▶ [Your assignment] A faithful, picture-free copy of the listing below is required.
####
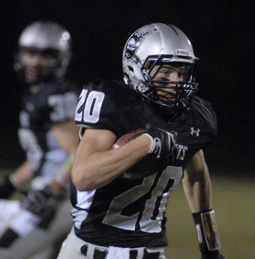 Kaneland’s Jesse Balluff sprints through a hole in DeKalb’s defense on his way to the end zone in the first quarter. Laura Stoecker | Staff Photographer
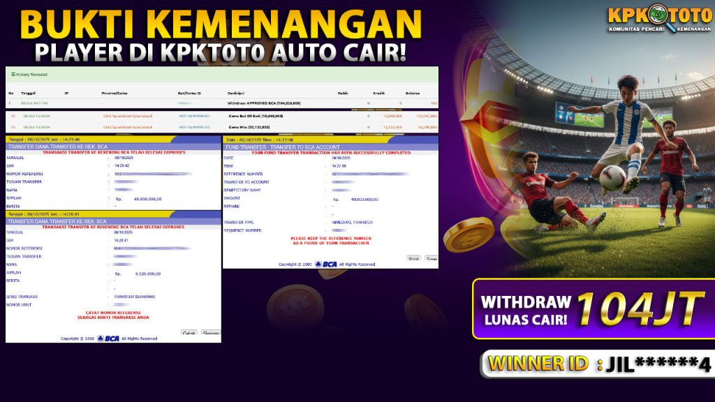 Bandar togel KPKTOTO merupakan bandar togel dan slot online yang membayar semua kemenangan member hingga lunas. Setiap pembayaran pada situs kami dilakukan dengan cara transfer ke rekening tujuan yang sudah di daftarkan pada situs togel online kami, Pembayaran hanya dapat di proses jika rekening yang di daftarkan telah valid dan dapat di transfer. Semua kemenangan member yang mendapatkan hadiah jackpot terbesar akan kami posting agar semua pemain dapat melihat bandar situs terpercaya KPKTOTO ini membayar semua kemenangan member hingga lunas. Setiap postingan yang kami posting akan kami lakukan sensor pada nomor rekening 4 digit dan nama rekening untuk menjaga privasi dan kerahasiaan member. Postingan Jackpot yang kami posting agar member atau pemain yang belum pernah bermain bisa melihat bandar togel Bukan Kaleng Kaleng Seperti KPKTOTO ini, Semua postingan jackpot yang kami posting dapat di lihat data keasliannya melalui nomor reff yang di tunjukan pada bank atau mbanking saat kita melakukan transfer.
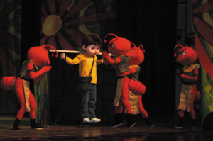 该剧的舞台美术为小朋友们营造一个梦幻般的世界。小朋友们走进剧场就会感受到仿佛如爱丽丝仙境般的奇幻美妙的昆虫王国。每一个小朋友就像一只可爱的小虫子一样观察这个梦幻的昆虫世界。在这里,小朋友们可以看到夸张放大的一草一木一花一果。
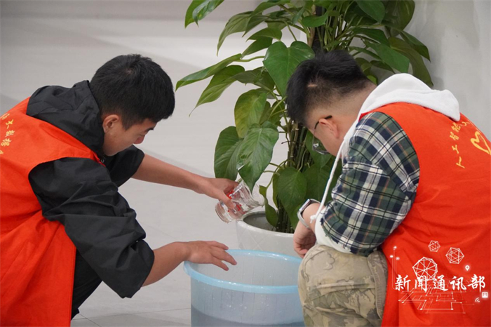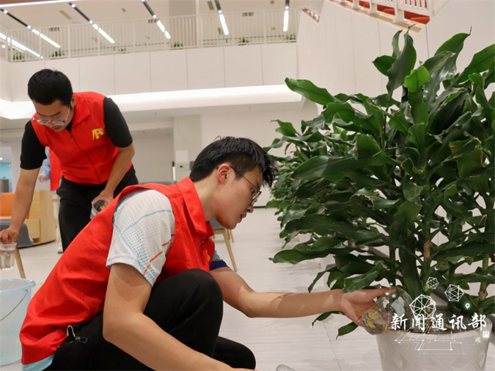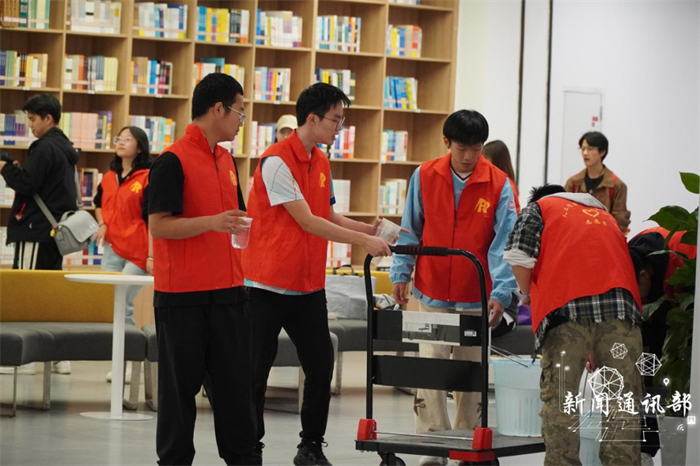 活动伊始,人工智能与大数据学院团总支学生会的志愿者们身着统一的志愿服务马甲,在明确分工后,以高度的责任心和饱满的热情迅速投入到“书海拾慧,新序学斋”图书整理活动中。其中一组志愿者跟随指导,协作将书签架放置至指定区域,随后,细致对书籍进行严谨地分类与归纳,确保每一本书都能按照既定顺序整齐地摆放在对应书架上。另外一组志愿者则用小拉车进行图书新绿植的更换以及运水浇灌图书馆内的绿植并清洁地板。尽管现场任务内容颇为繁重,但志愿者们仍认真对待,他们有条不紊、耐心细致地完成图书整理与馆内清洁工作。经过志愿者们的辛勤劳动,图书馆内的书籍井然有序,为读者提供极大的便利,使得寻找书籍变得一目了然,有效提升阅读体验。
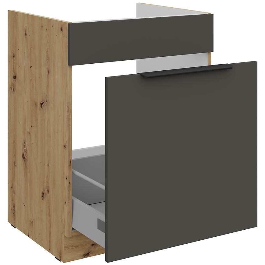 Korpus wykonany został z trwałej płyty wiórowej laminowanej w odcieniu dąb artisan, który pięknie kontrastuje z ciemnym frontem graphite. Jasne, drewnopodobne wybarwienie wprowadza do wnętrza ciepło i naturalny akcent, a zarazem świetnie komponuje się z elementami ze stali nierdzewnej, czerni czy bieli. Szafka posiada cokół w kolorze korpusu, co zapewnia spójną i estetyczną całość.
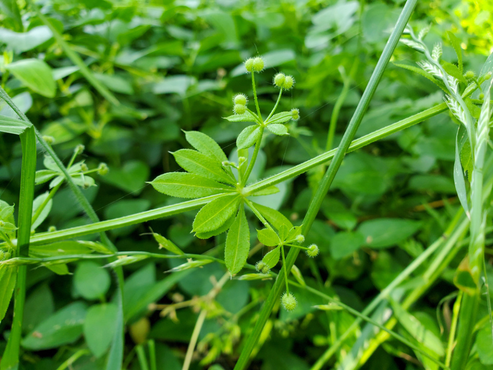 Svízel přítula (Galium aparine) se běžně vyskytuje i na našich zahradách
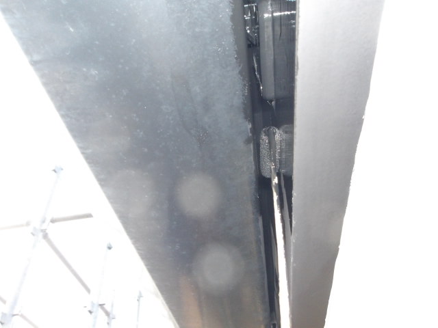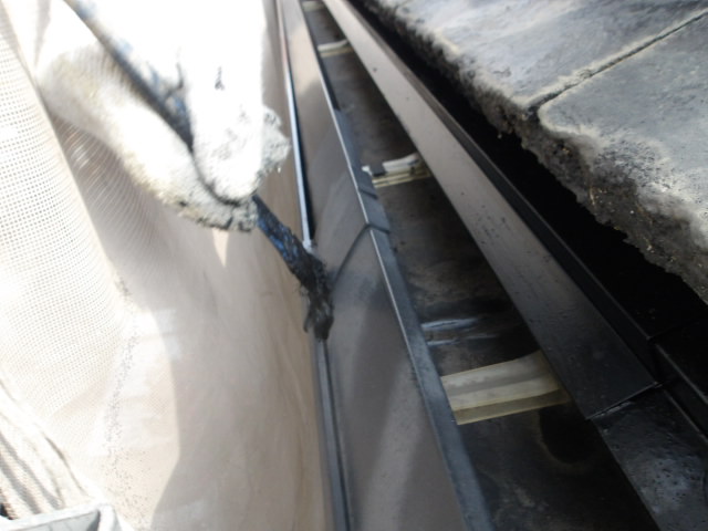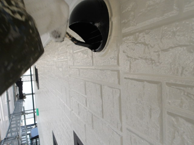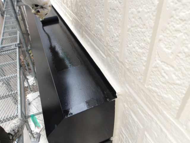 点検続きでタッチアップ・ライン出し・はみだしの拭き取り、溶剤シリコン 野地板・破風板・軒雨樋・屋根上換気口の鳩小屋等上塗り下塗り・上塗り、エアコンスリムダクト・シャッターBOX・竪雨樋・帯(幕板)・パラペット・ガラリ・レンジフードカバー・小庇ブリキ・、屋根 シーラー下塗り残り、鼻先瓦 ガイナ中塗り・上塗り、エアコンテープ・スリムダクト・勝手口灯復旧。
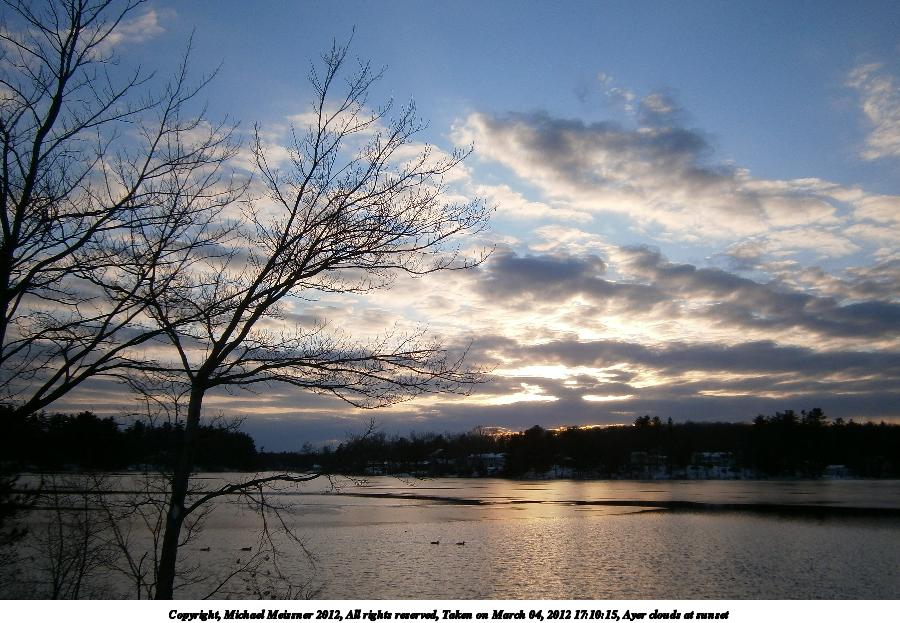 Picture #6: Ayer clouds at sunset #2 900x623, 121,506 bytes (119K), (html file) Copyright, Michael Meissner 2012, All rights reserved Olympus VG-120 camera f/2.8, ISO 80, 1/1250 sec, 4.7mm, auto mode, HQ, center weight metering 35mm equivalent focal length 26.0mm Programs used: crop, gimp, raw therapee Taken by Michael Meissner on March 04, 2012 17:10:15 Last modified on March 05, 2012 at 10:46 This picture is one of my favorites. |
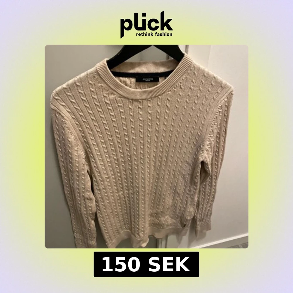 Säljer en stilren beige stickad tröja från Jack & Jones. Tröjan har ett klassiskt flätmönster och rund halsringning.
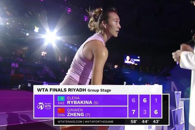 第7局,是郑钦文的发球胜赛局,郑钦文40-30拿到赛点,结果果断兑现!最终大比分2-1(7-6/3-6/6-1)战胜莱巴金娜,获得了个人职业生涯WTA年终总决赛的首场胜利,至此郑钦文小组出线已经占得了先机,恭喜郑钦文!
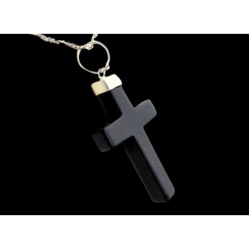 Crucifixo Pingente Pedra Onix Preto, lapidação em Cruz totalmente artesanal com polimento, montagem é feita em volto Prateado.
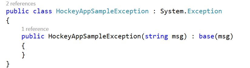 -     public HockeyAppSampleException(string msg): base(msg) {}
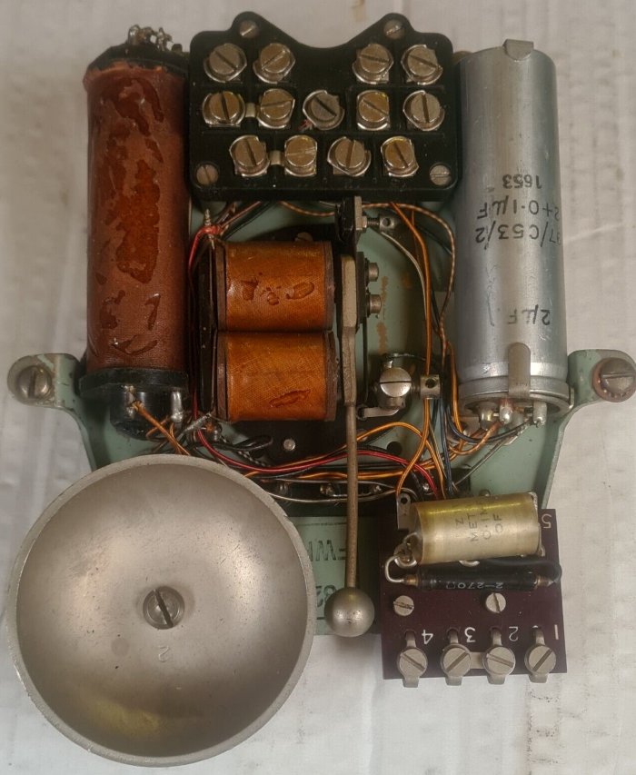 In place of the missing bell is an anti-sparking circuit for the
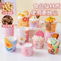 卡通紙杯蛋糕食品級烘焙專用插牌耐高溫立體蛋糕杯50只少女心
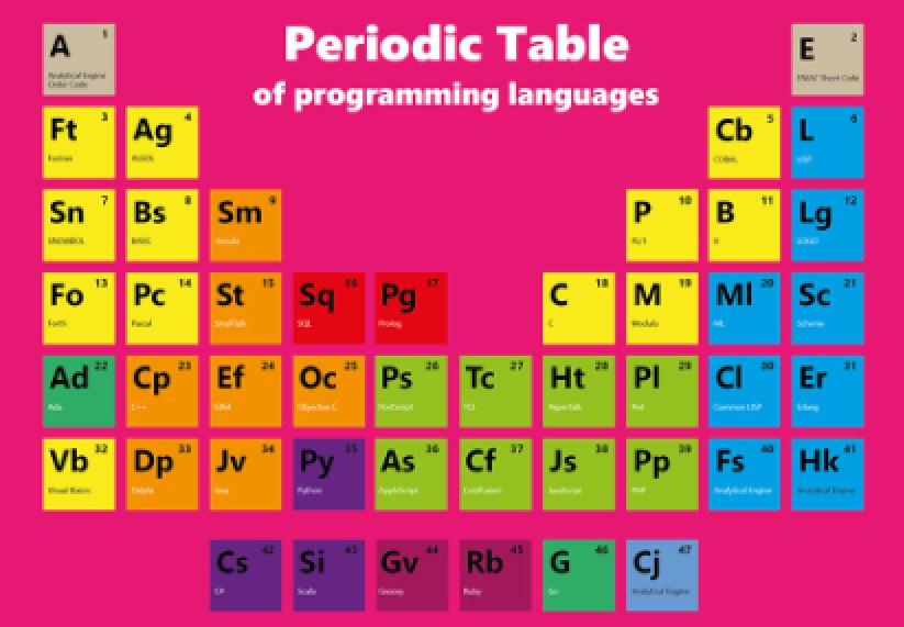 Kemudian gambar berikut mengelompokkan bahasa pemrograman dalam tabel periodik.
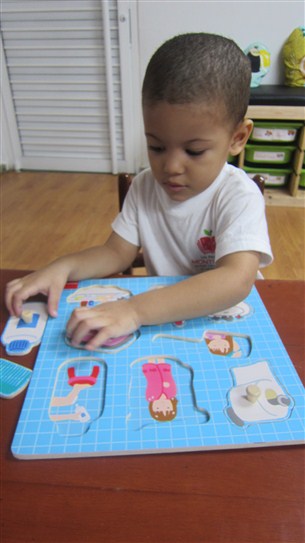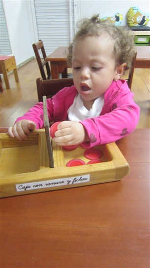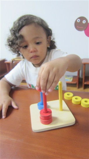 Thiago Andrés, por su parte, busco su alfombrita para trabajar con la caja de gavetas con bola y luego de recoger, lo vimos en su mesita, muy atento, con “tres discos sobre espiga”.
####
▶ [Answer to the exercise]
 Kaneland’s Jesse Balluff sprints through a hole in DeKalb’s defense on his way to the end zone in the first quarter. Laura Stoecker | Staff Photographer
 Bandar togel KPKTOTO merupakan bandar togel dan slot online yang membayar semua kemenangan member hingga lunas. Setiap pembayaran pada situs kami dilakukan dengan cara transfer ke rekening tujuan yang sudah di daftarkan pada situs togel online kami, Pembayaran hanya dapat di proses jika rekening yang di daftarkan telah valid dan dapat di transfer. Semua kemenangan member yang mendapatkan hadiah jackpot terbesar akan kami posting agar semua pemain dapat melihat bandar situs terpercaya KPKTOTO ini membayar semua kemenangan member hingga lunas. Setiap postingan yang kami posting akan kami lakukan sensor pada nomor rekening 4 digit dan nama rekening untuk menjaga privasi dan kerahasiaan member. Postingan Jackpot yang kami posting agar member atau pemain yang belum pernah bermain bisa melihat bandar togel Bukan Kaleng Kaleng Seperti KPKTOTO ini, Semua postingan jackpot yang kami posting dapat di lihat data keasliannya melalui nomor reff yang di tunjukan pada bank atau mbanking saat kita melakukan transfer.
 该剧的舞台美术为小朋友们营造一个梦幻般的世界。小朋友们走进剧场就会感受到仿佛如爱丽丝仙境般的奇幻美妙的昆虫王国。每一个小朋友就像一只可爱的小虫子一样观察这个梦幻的昆虫世界。在这里,小朋友们可以看到夸张放大的一草一木一花一果。
 活动伊始,人工智能与大数据学院团总支学生会的志愿者们身着统一的志愿服务马甲,在明确分工后,以高度的责任心和饱满的热情迅速投入到“书海拾慧,新序学斋”图书整理活动中。其中一组志愿者跟随指导,协作将书签架放置至指定区域,随后,细致对书籍进行严谨地分类与归纳,确保每一本书都能按照既定顺序整齐地摆放在对应书架上。另外一组志愿者则用小拉车进行图书新绿植的更换以及运水浇灌图书馆内的绿植并清洁地板。尽管现场任务内容颇为繁重,但志愿者们仍认真对待,他们有条不紊、耐心细致地完成图书整理与馆内清洁工作。经过志愿者们的辛勤劳动,图书馆内的书籍井然有序,为读者提供极大的便利,使得寻找书籍变得一目了然,有效提升阅读体验。
 Korpus wykonany został z trwałej płyty wiórowej laminowanej w odcieniu dąb artisan, który pięknie kontrastuje z ciemnym frontem graphite. Jasne, drewnopodobne wybarwienie wprowadza do wnętrza ciepło i naturalny akcent, a zarazem świetnie komponuje się z elementami ze stali nierdzewnej, czerni czy bieli. Szafka posiada cokół w kolorze korpusu, co zapewnia spójną i estetyczną całość.
 Svízel přítula (Galium aparine) se běžně vyskytuje i na našich zahradách
 点検続きでタッチアップ・ライン出し・はみだしの拭き取り、溶剤シリコン 野地板・破風板・軒雨樋・屋根上換気口の鳩小屋等上塗り下塗り・上塗り、エアコンスリムダクト・シャッターBOX・竪雨樋・帯(幕板)・パラペット・ガラリ・レンジフードカバー・小庇ブリキ・、屋根 シーラー下塗り残り、鼻先瓦 ガイナ中塗り・上塗り、エアコンテープ・スリムダクト・勝手口灯復旧。
 Picture #6: Ayer clouds at sunset #2 900x623, 121,506 bytes (119K), (html file) Copyright, Michael Meissner 2012, All rights reserved Olympus VG-120 camera f/2.8, ISO 80, 1/1250 sec, 4.7mm, auto mode, HQ, center weight metering 35mm equivalent focal length 26.0mm Programs used: crop, gimp, raw therapee Taken by Michael Meissner on March 04, 2012 17:10:15 Last modified on March 05, 2012 at 10:46 This picture is one of my favorites. |
 Säljer en stilren beige stickad tröja från Jack & Jones. Tröjan har ett klassiskt flätmönster och rund halsringning.
 第7局,是郑钦文的发球胜赛局,郑钦文40-30拿到赛点,结果果断兑现!最终大比分2-1(7-6/3-6/6-1)战胜莱巴金娜,获得了个人职业生涯WTA年终总决赛的首场胜利,至此郑钦文小组出线已经占得了先机,恭喜郑钦文!
 Crucifixo Pingente Pedra Onix Preto, lapidação em Cruz totalmente artesanal com polimento, montagem é feita em volto Prateado.
 -     public HockeyAppSampleException(string msg): base(msg) {}
 In place of the missing bell is an anti-sparking circuit for the
 卡通紙杯蛋糕食品級烘焙專用插牌耐高溫立體蛋糕杯50只少女心
 Kemudian gambar berikut mengelompokkan bahasa pemrograman dalam tabel periodik.
 Thiago Andrés, por su parte, busco su alfombrita para trabajar con la caja de gavetas con bola y luego de recoger, lo vimos en su mesita, muy atento, con “tres discos sobre espiga”.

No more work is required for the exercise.